◆ EXERCISE DIRECTIONS ◆
Nothing outside the range is to be copied. From the entries below, reproduce exactly the lines starting at the one with "Ett sidobord i" and ending at the one with "剪二条下来,对折缝好,借用一支笔杆翻过来,二条腰带好了", without pictures.

◆ PROVIDED MATERIAL ◆
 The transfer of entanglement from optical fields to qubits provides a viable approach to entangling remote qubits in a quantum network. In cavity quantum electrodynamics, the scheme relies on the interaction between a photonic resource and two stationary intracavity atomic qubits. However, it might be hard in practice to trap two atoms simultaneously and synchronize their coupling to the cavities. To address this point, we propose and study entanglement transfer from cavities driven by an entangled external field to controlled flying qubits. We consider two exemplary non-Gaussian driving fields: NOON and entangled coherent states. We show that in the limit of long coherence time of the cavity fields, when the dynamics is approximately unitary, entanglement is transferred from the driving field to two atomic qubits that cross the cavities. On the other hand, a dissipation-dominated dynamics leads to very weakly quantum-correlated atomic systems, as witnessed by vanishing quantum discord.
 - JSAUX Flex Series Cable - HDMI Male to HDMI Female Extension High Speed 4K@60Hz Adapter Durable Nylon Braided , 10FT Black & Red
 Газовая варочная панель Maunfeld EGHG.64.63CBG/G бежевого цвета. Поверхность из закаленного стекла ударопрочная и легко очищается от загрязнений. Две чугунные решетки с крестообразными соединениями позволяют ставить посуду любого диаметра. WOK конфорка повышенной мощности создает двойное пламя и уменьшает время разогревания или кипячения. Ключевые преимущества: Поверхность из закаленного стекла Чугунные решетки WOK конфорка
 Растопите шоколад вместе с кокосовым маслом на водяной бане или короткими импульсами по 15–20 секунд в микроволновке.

---

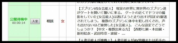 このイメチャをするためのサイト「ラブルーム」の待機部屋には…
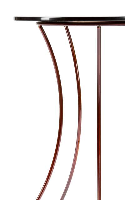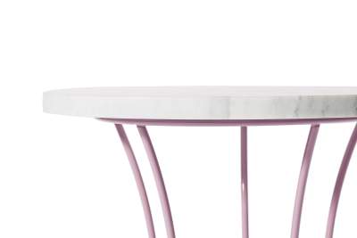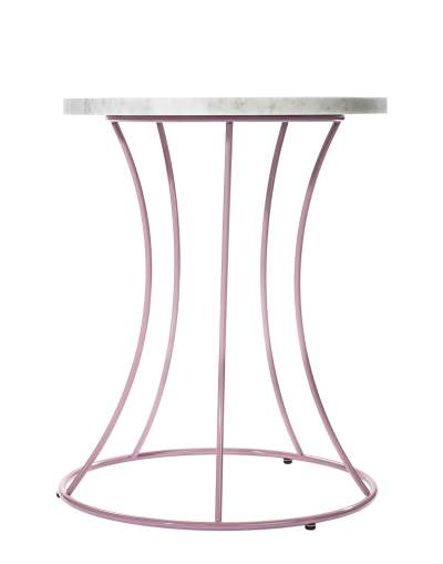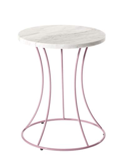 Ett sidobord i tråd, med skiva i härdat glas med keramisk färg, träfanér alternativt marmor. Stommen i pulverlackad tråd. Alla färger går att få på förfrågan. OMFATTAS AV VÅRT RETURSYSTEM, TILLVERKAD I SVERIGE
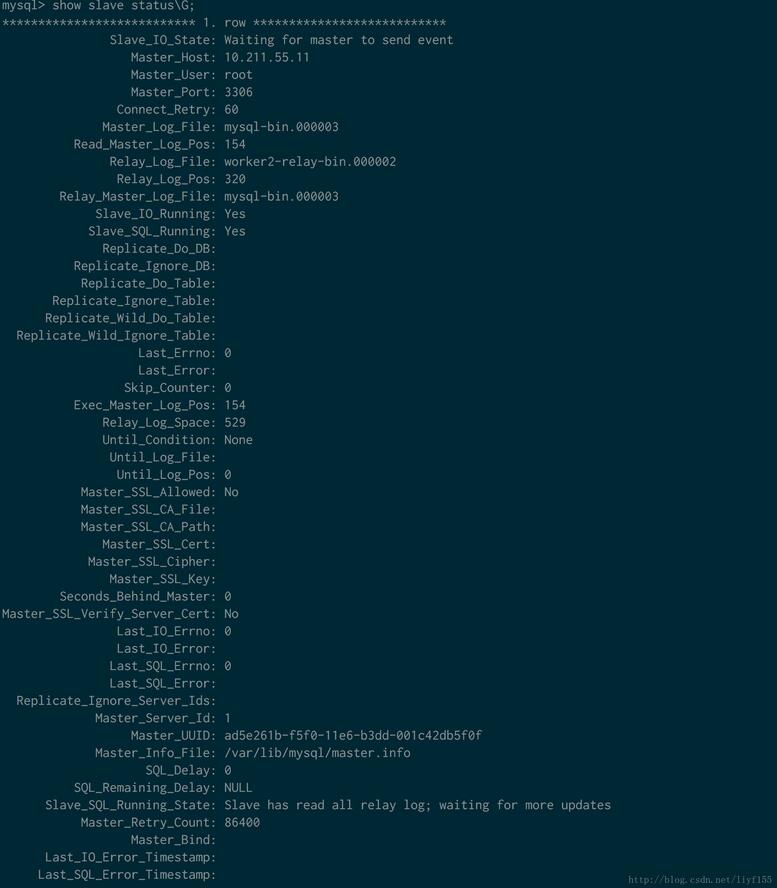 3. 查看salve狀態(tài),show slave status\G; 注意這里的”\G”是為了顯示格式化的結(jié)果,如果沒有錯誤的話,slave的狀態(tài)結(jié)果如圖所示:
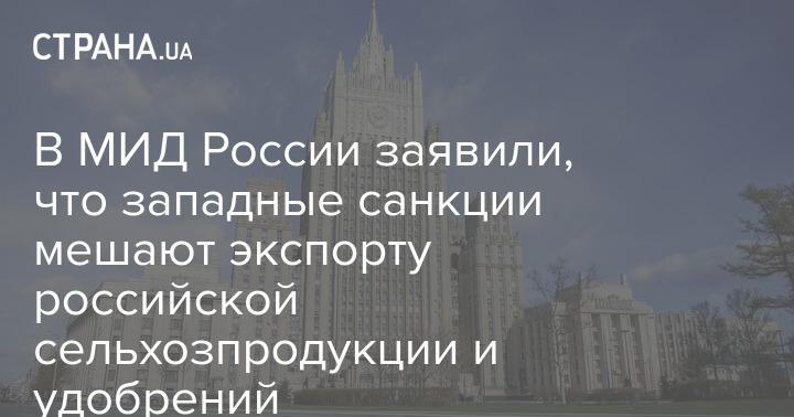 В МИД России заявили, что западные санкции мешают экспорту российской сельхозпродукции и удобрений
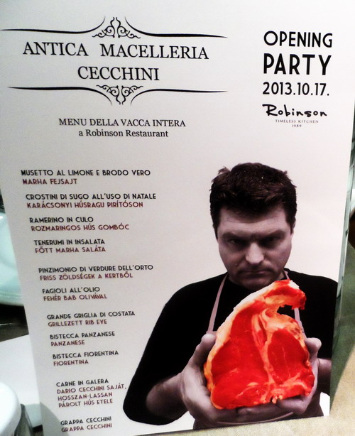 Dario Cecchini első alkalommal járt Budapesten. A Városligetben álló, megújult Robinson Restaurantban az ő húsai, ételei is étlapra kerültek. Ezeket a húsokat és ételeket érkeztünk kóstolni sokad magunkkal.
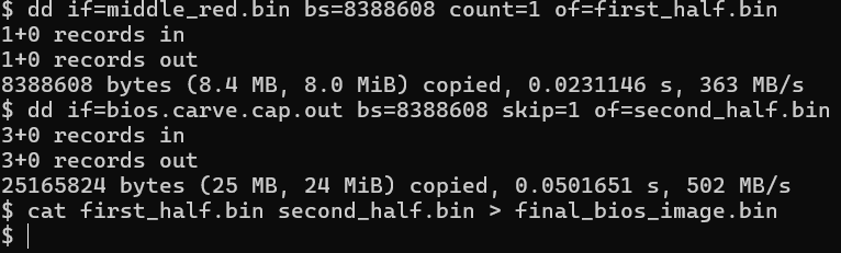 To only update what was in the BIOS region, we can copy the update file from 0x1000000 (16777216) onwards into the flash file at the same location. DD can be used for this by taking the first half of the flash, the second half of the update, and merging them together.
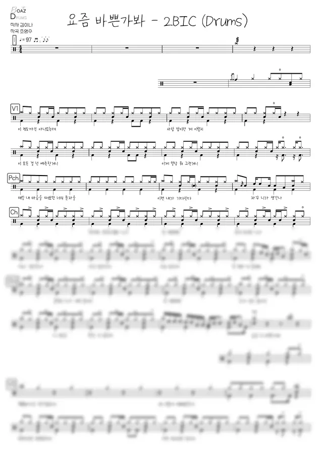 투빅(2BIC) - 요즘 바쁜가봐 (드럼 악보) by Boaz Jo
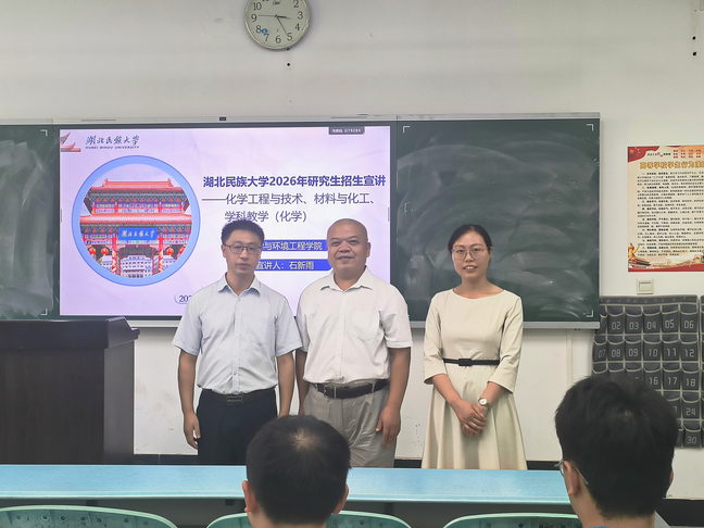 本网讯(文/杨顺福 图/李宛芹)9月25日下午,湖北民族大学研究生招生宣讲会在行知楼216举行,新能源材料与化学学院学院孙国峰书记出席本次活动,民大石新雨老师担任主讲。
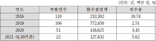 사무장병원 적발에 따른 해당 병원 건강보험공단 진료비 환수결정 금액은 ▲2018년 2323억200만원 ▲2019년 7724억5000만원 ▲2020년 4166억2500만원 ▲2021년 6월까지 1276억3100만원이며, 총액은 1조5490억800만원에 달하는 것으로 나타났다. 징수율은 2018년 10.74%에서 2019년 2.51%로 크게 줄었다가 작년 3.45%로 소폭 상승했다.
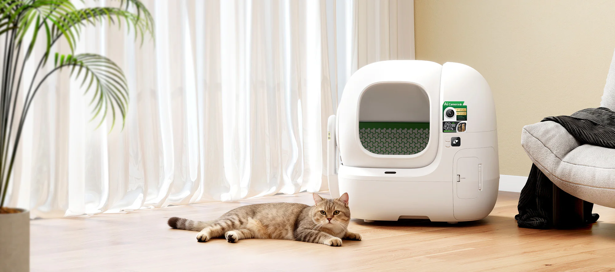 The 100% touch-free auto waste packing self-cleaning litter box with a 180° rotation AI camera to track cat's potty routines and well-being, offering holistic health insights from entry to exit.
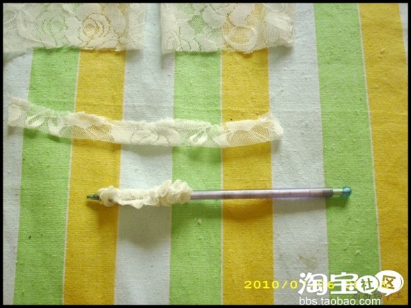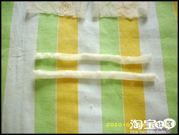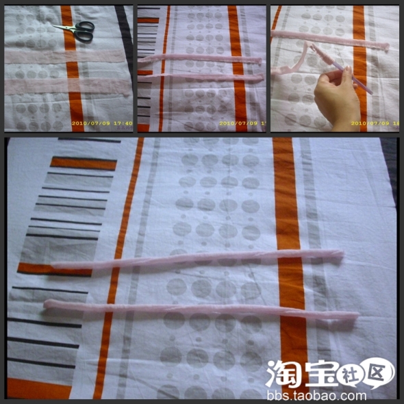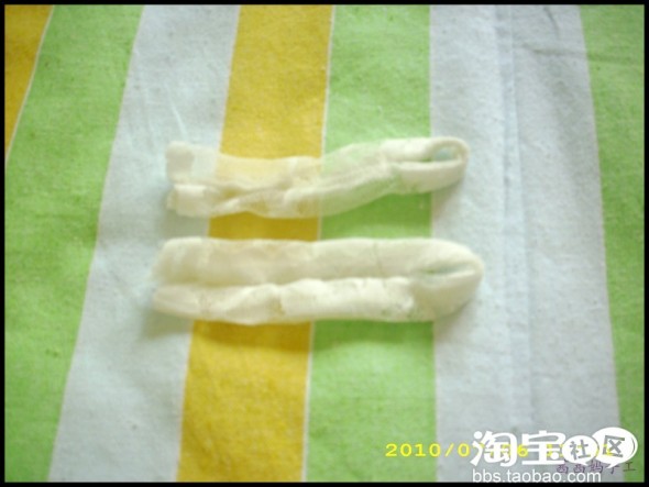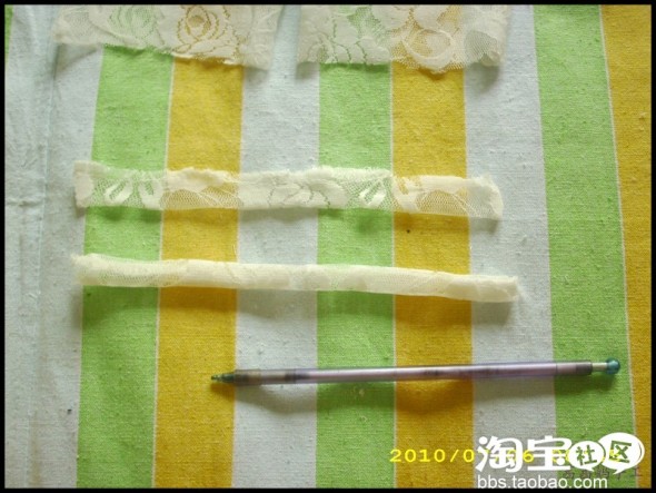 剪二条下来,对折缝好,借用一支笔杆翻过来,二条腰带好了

◆ RESULT FOR THIS EXERCISE ◆
 Ett sidobord i tråd, med skiva i härdat glas med keramisk färg, träfanér alternativt marmor. Stommen i pulverlackad tråd. Alla färger går att få på förfrågan. OMFATTAS AV VÅRT RETURSYSTEM, TILLVERKAD I SVERIGE
 3. 查看salve狀態(tài),show slave status\G; 注意這里的”\G”是為了顯示格式化的結(jié)果,如果沒有錯誤的話,slave的狀態(tài)結(jié)果如圖所示:
 В МИД России заявили, что западные санкции мешают экспорту российской сельхозпродукции и удобрений
 Dario Cecchini első alkalommal járt Budapesten. A Városligetben álló, megújult Robinson Restaurantban az ő húsai, ételei is étlapra kerültek. Ezeket a húsokat és ételeket érkeztünk kóstolni sokad magunkkal.
 To only update what was in the BIOS region, we can copy the update file from 0x1000000 (16777216) onwards into the flash file at the same location. DD can be used for this by taking the first half of the flash, the second half of the update, and merging them together.
 투빅(2BIC) - 요즘 바쁜가봐 (드럼 악보) by Boaz Jo
 本网讯(文/杨顺福 图/李宛芹)9月25日下午,湖北民族大学研究生招生宣讲会在行知楼216举行,新能源材料与化学学院学院孙国峰书记出席本次活动,民大石新雨老师担任主讲。
 사무장병원 적발에 따른 해당 병원 건강보험공단 진료비 환수결정 금액은 ▲2018년 2323억200만원 ▲2019년 7724억5000만원 ▲2020년 4166억2500만원 ▲2021년 6월까지 1276억3100만원이며, 총액은 1조5490억800만원에 달하는 것으로 나타났다. 징수율은 2018년 10.74%에서 2019년 2.51%로 크게 줄었다가 작년 3.45%로 소폭 상승했다.
 The 100% touch-free auto waste packing self-cleaning litter box with a 180° rotation AI camera to track cat's potty routines and well-being, offering holistic health insights from entry to exit.
 剪二条下来,对折缝好,借用一支笔杆翻过来,二条腰带好了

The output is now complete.